Qu’importe de rappeler qu’aucun Français, de l’aveu même des journaux de l’Empire, ne se trouvait mêlé au complot ? La peur ne se raisonne pas. Et les hommes de décembre, pendant dix-huit ans, eurent peur. Vaguement, ils sentaient que, l’Empereur tué, vingt mille bouches, spontanément, auraient dans les rues de Paris proclamé la République. Pour leur sécurité, ils décidèrent d’extirper les derniers germes de République qui pouvaient subsister en France.

Quatre jours après l’attentat, le 18 janvier, le chef de l’État, prenant la parole à l’ouverture de la session du Corps législatif, avait fait entendre des phrases menaçantes : « Une liberté sans entraves, avait-il déclaré, est impossible tant qu’il existe dans un pays une action obstinée à méconnaître les bases fondamentales du gouvernement…
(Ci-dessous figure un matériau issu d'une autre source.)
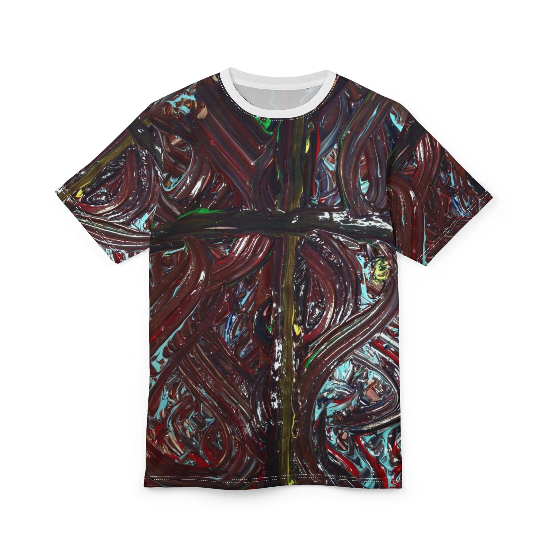 Artistic Cross Unisex Tee - Vibrant AOP Shirt for Faith & Expression Printify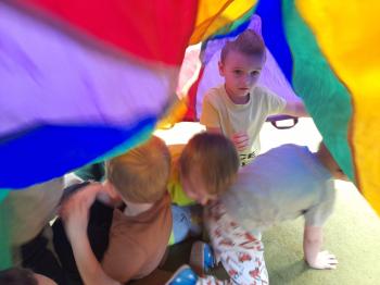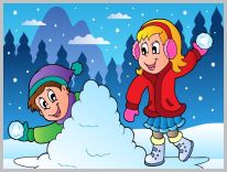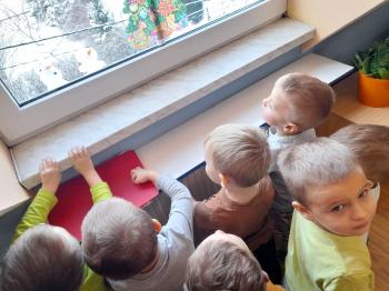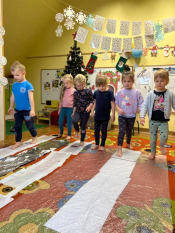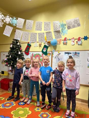 Idą dzieci ścieżynkami. Śnieżek chrupie pod nogami. Tam bałwanek mały stoi. Wiatru wcale się nie boi. Bielusieńki ma kożuszek i ze śniegu cały brzuszek. Hej Bałwanku chodźże z nami do przedszkola z życzeniami…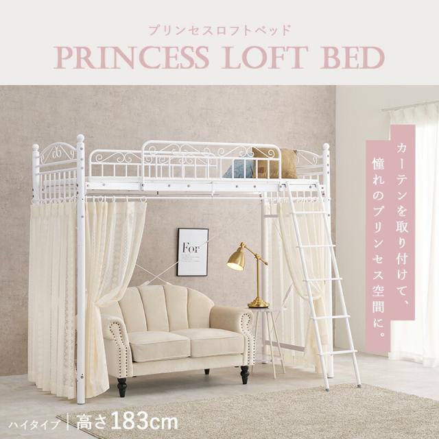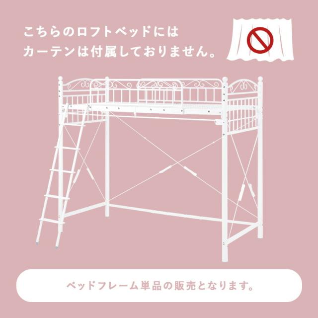 カーテンを取り付けられるロフトベッド カーテンを取り付けられるロフトベッド ハイタイプ 高さ183cm カーテン別売 2way シングルベッド プリンセス ロフトベッド パイプロフトベッド 姫系 おしゃれ 北欧 ロマンティック KH-3592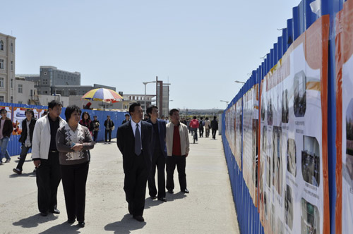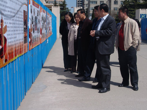 4月17日,由学生处主办,人文社科学院承办的“学习实践科学发展观”大型图片展在黄岛校区展出。李东副校长、校长助理朱申红、黄岛校区办公室副主任梁红、学生处副处长王维、校团委副书记王龙等领导来到展览现场,观看了展览。人文社科学院党总支书记王众臣、副书记林桂梅等领导陪同李东副校长、朱助理一行观看了展览。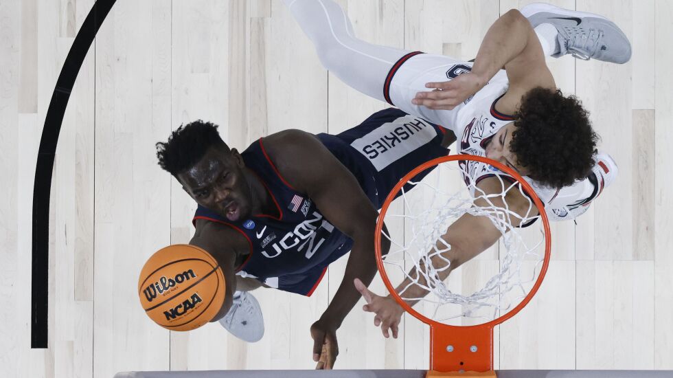 After his sixth three-pointer in an 82-54 blowout of Gonzaga in the Elite Eight, the Huskies’ Jordan Hawkins popped the front of his jersey.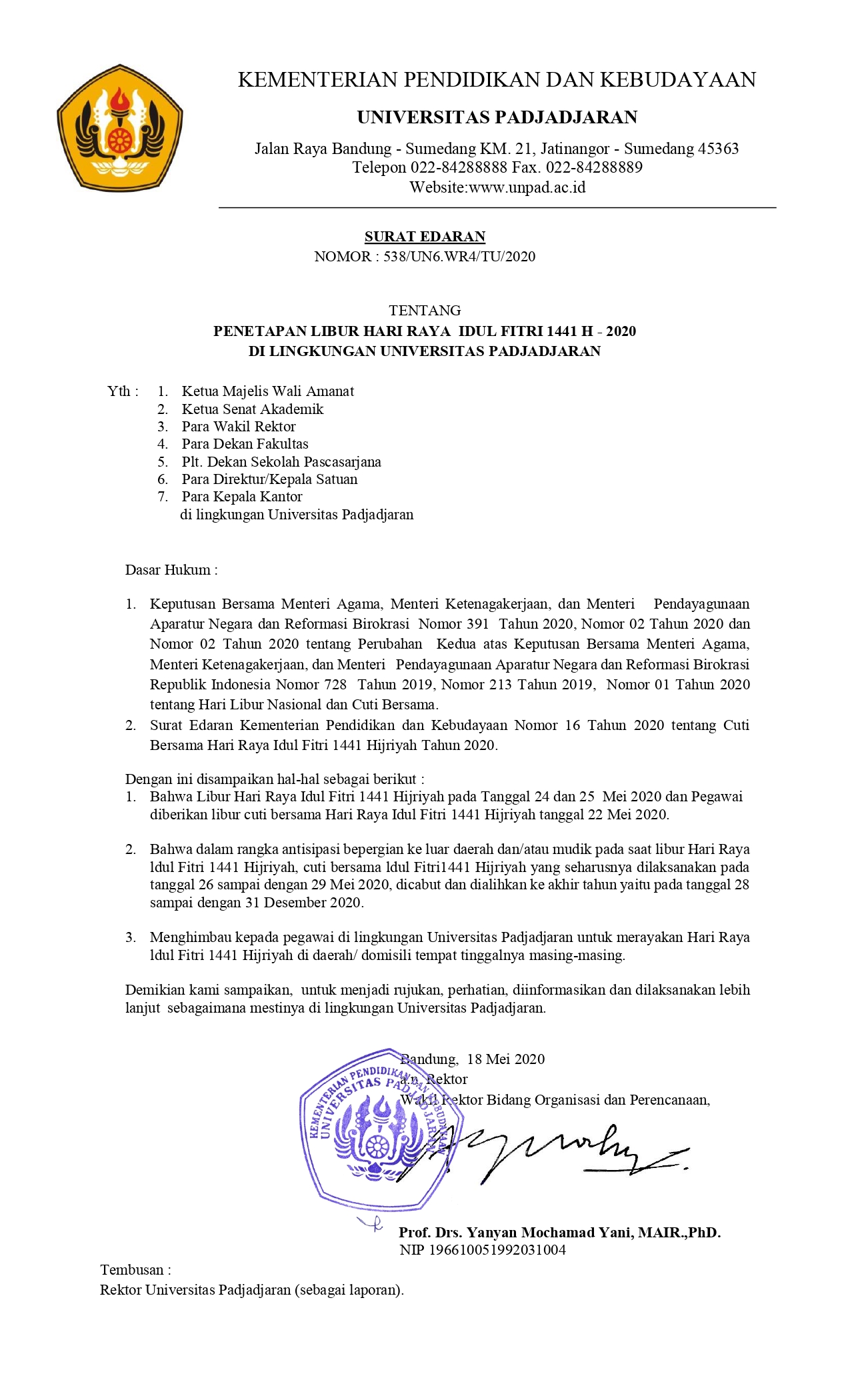 Pengumuman Edaran Penetapan Libur Hari Raya Idulfitri 1441 H di Lingkungan Unpad Kantor Komunikasi Publik 2020-05-19 1 min read 2020-05-19 Share this: Baca 1 menit 670 views Share this: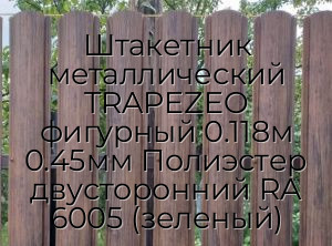 Штакетник металлический TRAPEZEO фигурный 0.118м 0.45мм Полиэстер двусторонний RA 6005 (зеленый) - продажа оптом и в розницу по цене от 154 руб. в Москве. Доставка по Москве и всей России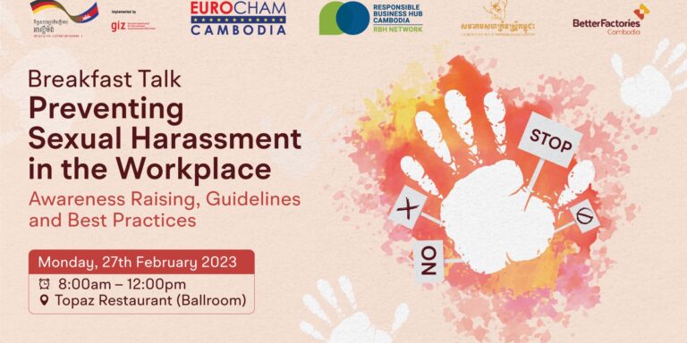 早餐讲座:拒绝职场性骚扰 可持续业务中心(总部位于欧盟商会)与柬埔寨女企业家协会 (CWEA) 及国际劳工组织 (ILO) 合作,于 2023 年 2 月 27 日在 Topaz 餐厅共同举办以“拒绝职场性骚扰”为主题的早餐讲座活动。 阅读更多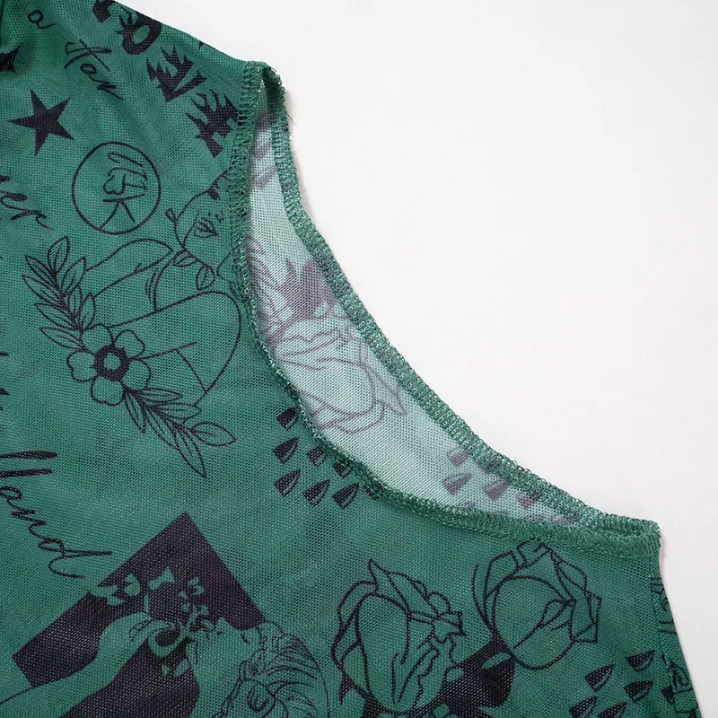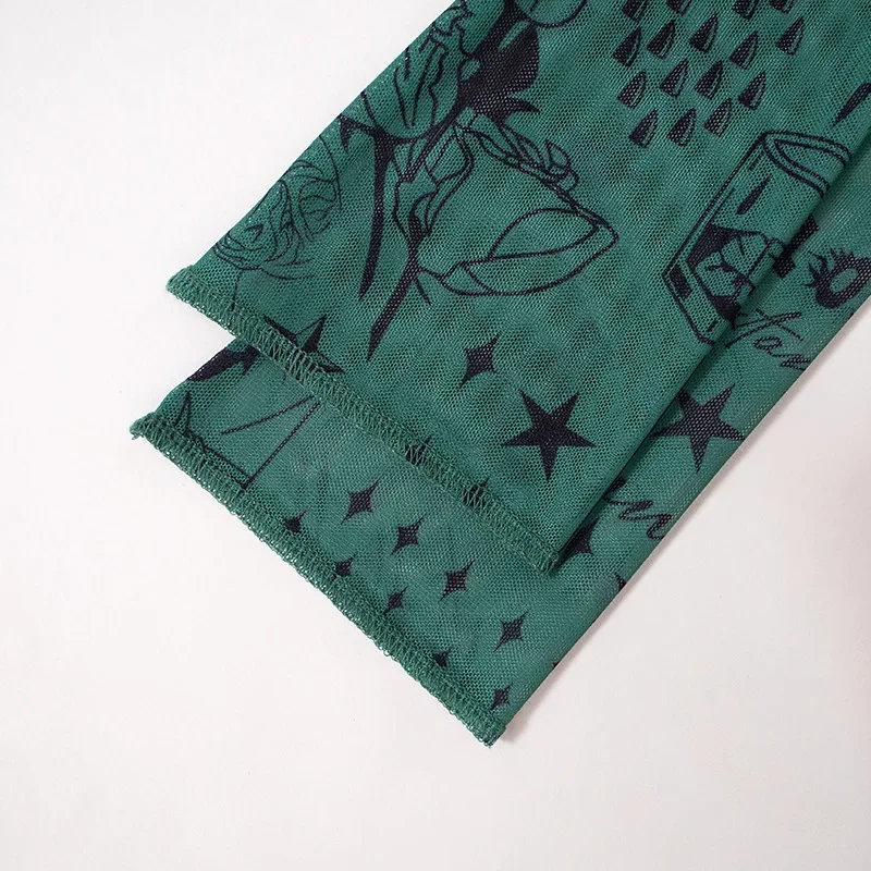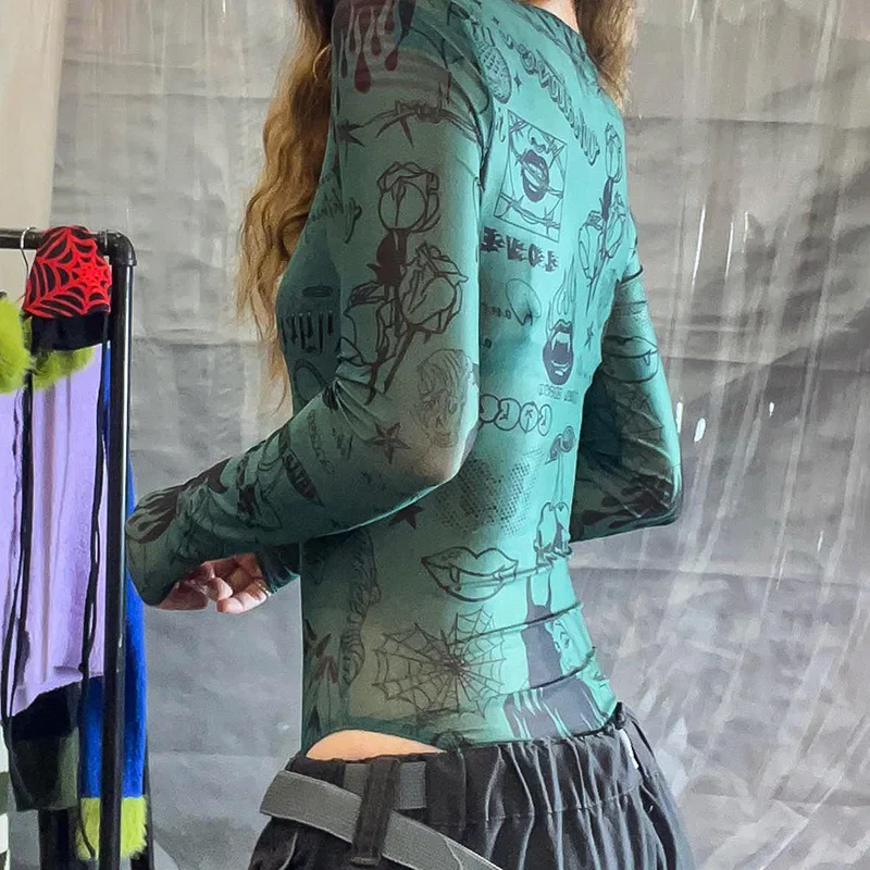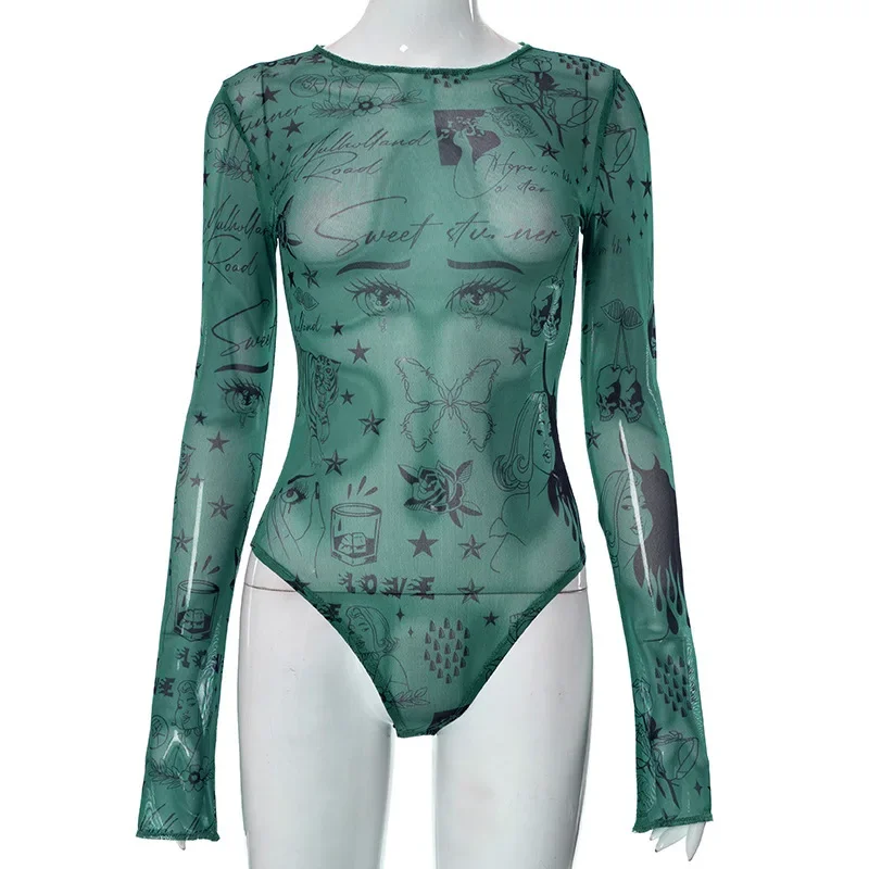Lunivop Women's long-sleeved retro-printed mesh skin-permeable onesie women's trend design summer new models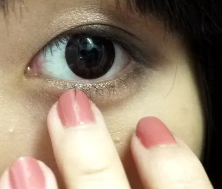 步骤五:用手指蘸取米色眼影打亮卧蚕,这一步非常的重要。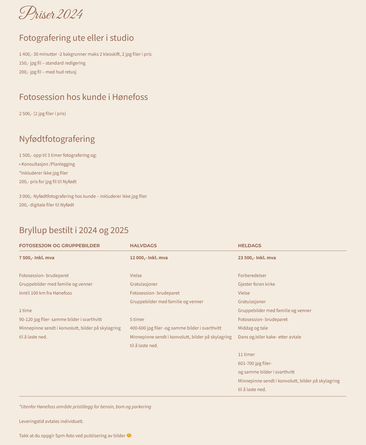 | 9 500,- inkl. mva • 1 time fotografering • 90–120 bilder (farge + svart/hvitt) • Minnepinnen sendes per post. Bildene gjøres tilgjengelige via en skylink som er aktiv i seks måneder. • Inntil 100 km fra Hønefoss | 14 500,- inkl. mva Inkluderer for eksempel: • Vielse • Gratulasjoner • Fotosession – brudeparet • Gruppebilder Varighet: 5 timer Bilder: 500–600 (farge + svart/hvitt) • Minnepinnen sendes per post. Bildene gjøres tilgjengelige via en skylink som er aktiv i seks måneder. | 26 500,- inkl. mva Inkluderer: • Forberedelser • Gjester foran kirken • Vielse • Gratulasjoner • Gruppebilder • Fotosession – brudeparet • Middag og taler • Dans og/eller kake – etter avtale Varighet: 12 timer Bilder: 700–950 (farge + svart/hvitt) • Minnepinnen sendes per post. Bildene gjøres tilgjengelige via en skylink som er aktiv i seks måneder. |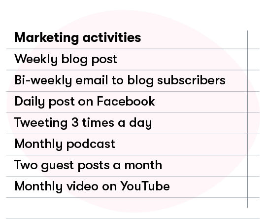 This where you create a list of every. single. one. of your marketing activities—everything you do that can be in any way called marketing.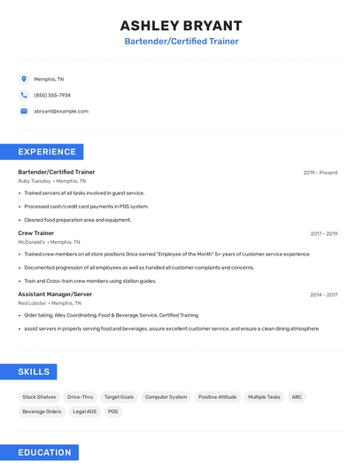 Choose from 10+ customizable bartender/certified trainer resume templates

Le danger, quoi qu’on dise, n’est pas dans les prérogatives excessives du pouvoir, mais plutôt dans l’absence de lois répressives… La pacification des esprits devant être le but constant de nos efforts, vous m’aiderez à rechercher les moyens de réduire au silence les oppositions extrêmes et factieuses ».

Les intentions du pouvoir étaient claires. Les actes ne se firent pas longtemps attendre. La Revue de Paris fut supprimée, par ordre de M. Billault, pour avoir osé faire encore « la glorification des souvenirs et des espérances de la pensée républicaine. Supprimé également, le Spectateur, légitimiste, pour avoir trouvé encore dans l’attentat du 14 janvier « une occasion de protester de nouveau en faveur des principes qu’il défend ».

Le l fr février, le Corps législatif, qui s’était levé « comme un seul homme », transporté d’admiration et d’enthousiasme, quand l’Empereur menaçait les partis extrêmes, recevait communication d’un projet de loi de sûreté générale, élaboré par M. Billault. M. de Morny le rapporta ; l’homme du Coup d’État allait faire consacrer législativement sa besogne ignoble. Les pratiques administratives de 1852 allaient être élevées au rang de mesures légales. Le rapporteur savait d’ailleurs les moyens à employer. Une fois encore il évoqua le spectre rouge, déclara que l’attentat du 14 janvier était « attendu par les sociétés secrètes », dit la nécessité « d’intimider et de disperser ces ennemis implacables de la société qui détestent tous les régimes… qu’aucun pardon n’apaise… et qui enlacent la France dans un réseau secret dont le but ne peut être que criminel ». Le style de M. de Morny, ou le voit, valait son œuvre.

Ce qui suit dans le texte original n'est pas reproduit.